Ukrainians in US fear for loved ones back home amid Russian invasion


(NEW YORK) — For many Ukrainians living in the United States, the early hours of Thursday morning were spent reaching out to family members and watching news developments as Russia crossed the border into Ukraine and began the first attacks on the country.

Oksana Sukhina, a Ukranian immigrant who came to the U.S. two years ago, told ABC News she learned the news of the invasion through a neighborhood watch group chat from back home.

“I saw messages that someone was asking, ‘Oh, what’s that booming?’ and someone responding, ‘Well, [Russian President Vladimir] Putin started the military operation,"” Sukhina told ABC News.

She couldn’t fall asleep that night.

Sukhina, who is a member of the non-profit U.S.-Ukraine Foundation, said that most of her family is back in Ukraine, and though she fears for the safety of her loved ones, she trusts in the Ukrainian army and in NATO forces.

“We hope that this insanity stops. It’s a civilizational attack,” Sukhina told ABC News. “We’re reading some disturbing messages about Russian troops being over on the ground.”

She said her son, who is in the U.S., is even seeking out ways to get back to Ukraine to help.

Alex Ponomarenko, an immigrant from the former Soviet Union region that is now Ukraine, told ABC News that as soon as he heard reports of the invasion, he began reaching out to loved ones.

Because of past aggression from Russia, including the annexation of Ukraine’s Crimean Peninsula in 2014, many Ukrainians say they had the eerie feeling that something would soon erupt.

“No one was expecting this to happen, but it was always on the table,” Ponomarenko told ABC News in an interview. “My fear is the loss of life.”

Tamara Olexy, executive director of the nonprofit Ukrainian Congress Committee of America, also told ABC News that the invasion isn’t necessarily a surprise, but she still feels shaken by the attacks.

“It was a complete shock that in the 21st century, you can watch a war unfolding right before your eyes,” Olexy said.

Her family in Western Ukraine is safe, she said.

“We’re urging our governments to put in the harshest sanctions possible against Putin, and the Russian regime, and doing whatever we can to get the real truth out about what’s going on in Ukraine,” Olexy added.

Many said they hope Ukraine’s past of resilience and victory will pull the country through.

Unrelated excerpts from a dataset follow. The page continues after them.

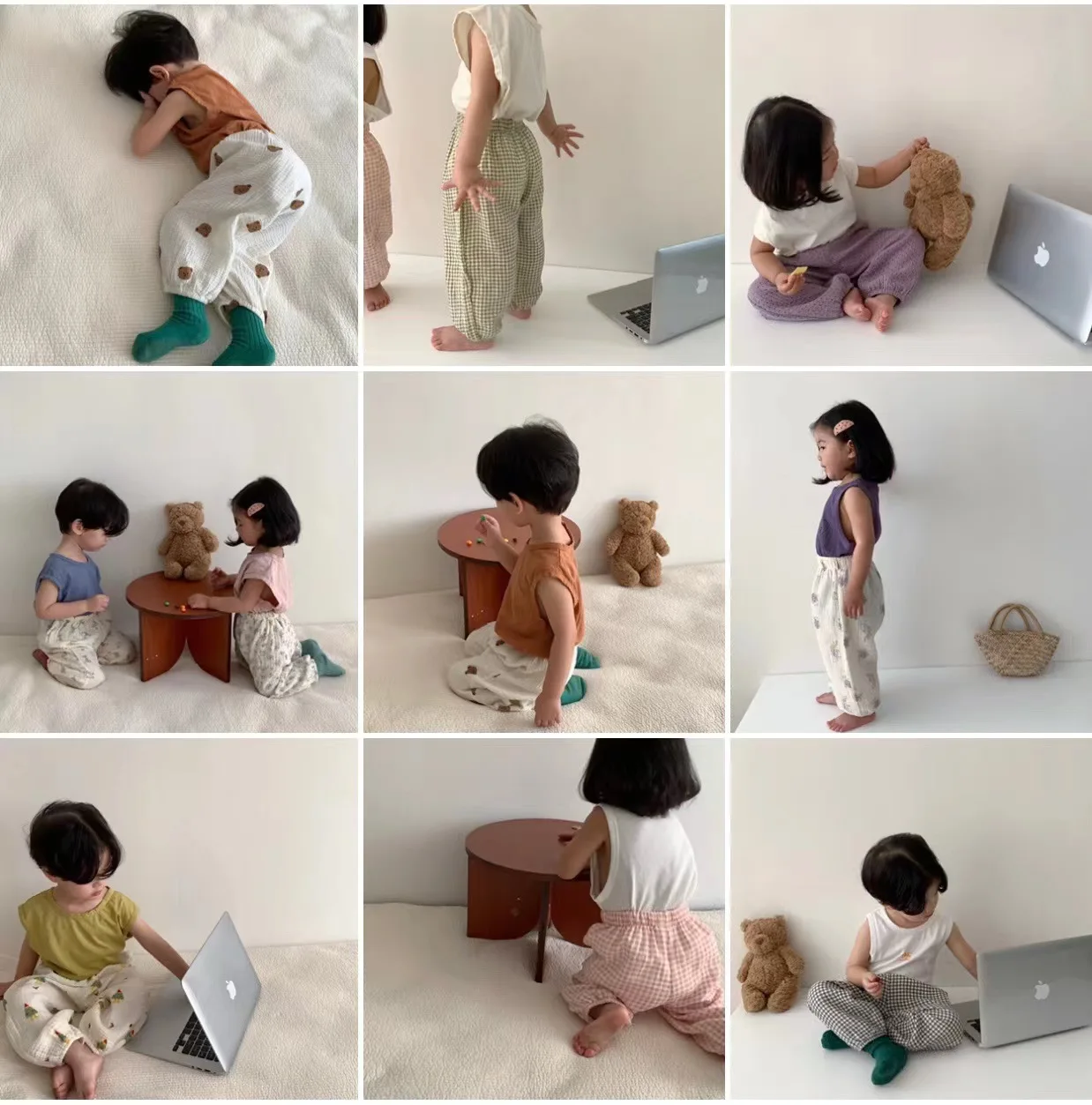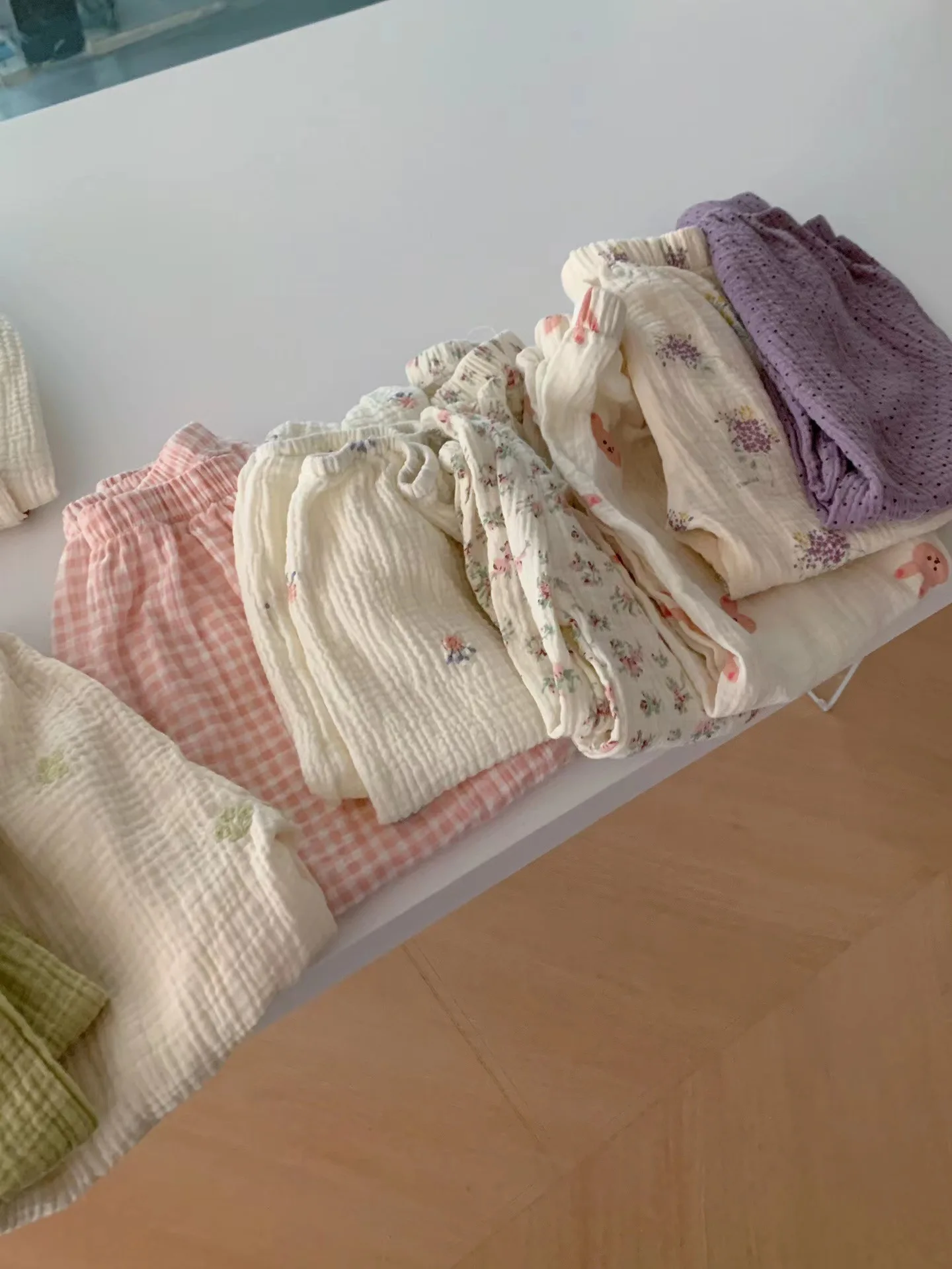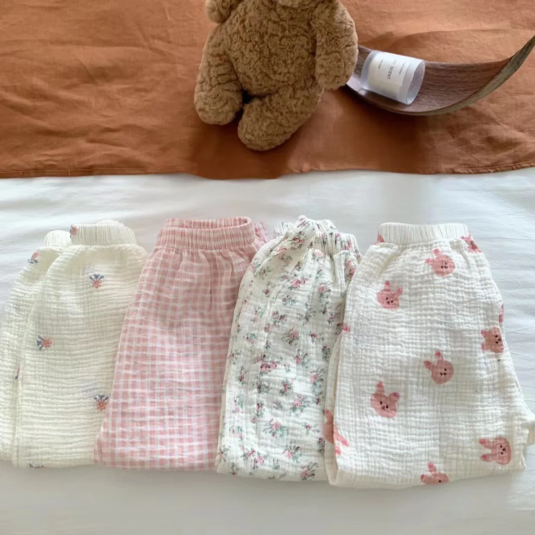 Comprar Pantalones de muselina de algodón para bebé, pantalones antimosquitos de gasa para niño y niña, pantalones holgados con estampado de dibujos animados para bebé
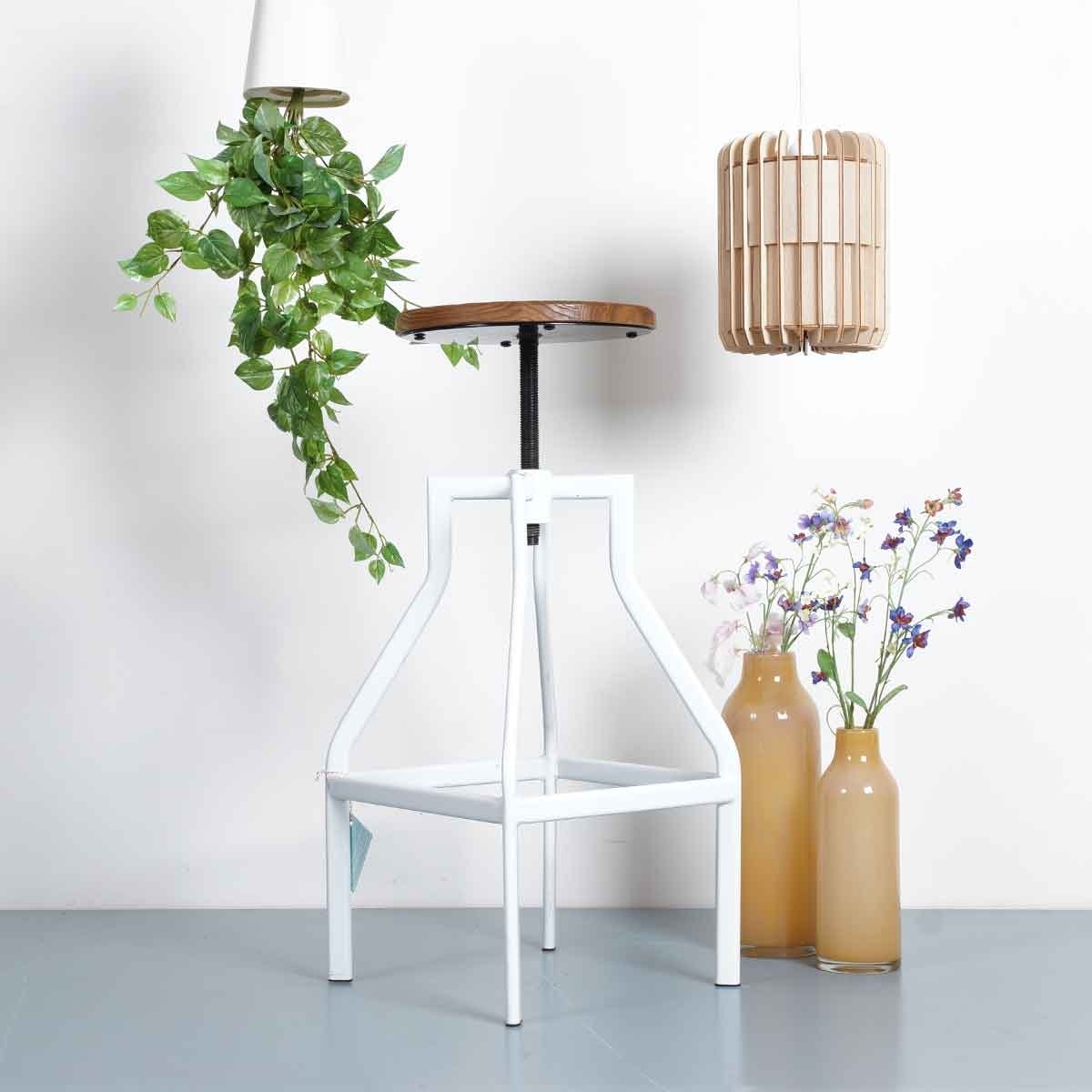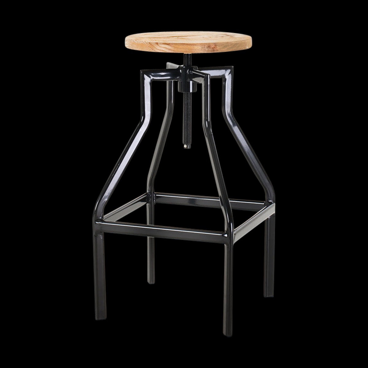 Een draaibaar krukje dat voorheen veel gebruikt werd in laboratoria, fabrieken en scholen, is nu getransformeerd tot een stijlvolle zitplaats voor thuis of in een restaurant of bar. Het ontwerp en materialen mix van staal en hout zorgen voor een stoere, industriële uitstraling. De zitting van de het krukje is volledig draaibaar en verstelbaar in hoogte van 66 cm tot 83 cm.
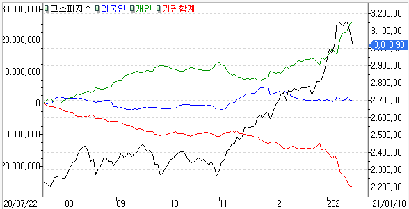 개인 +5,156억 / 외국인 -2,206억 / 기관 -2,730억

“Ukrainians are fighting back,” Olexy said. “Ukrainians aren’t going to give up the land easily. This is going to be a very long-drawn-out war … Ukrainians have fought long and hard to gain their independence — or regain their independence, I should say — 30 years ago, and they’re not going to give it up easily.”

Sukhina added, “[Ukraine] has prevailed so far, we will prevail further on.”

Many Ukrainian descendants, immigrants and refugees said they are channeling their initial feelings of pain into action. They’re set on figuring out how best to help their loved ones back home.

The goal is to not only make sure they’re safe now but also to financially and resourcefully support their continued safety. They’re calling on people from around the world, non-Ukrainians and Ukrainians alike, to assist in making sure those in need have the resources necessary.

“We’re ready to assist anyone as much as possible,” Ponomarenko said. “It’s a humanitarian issue. We should be ready to help.”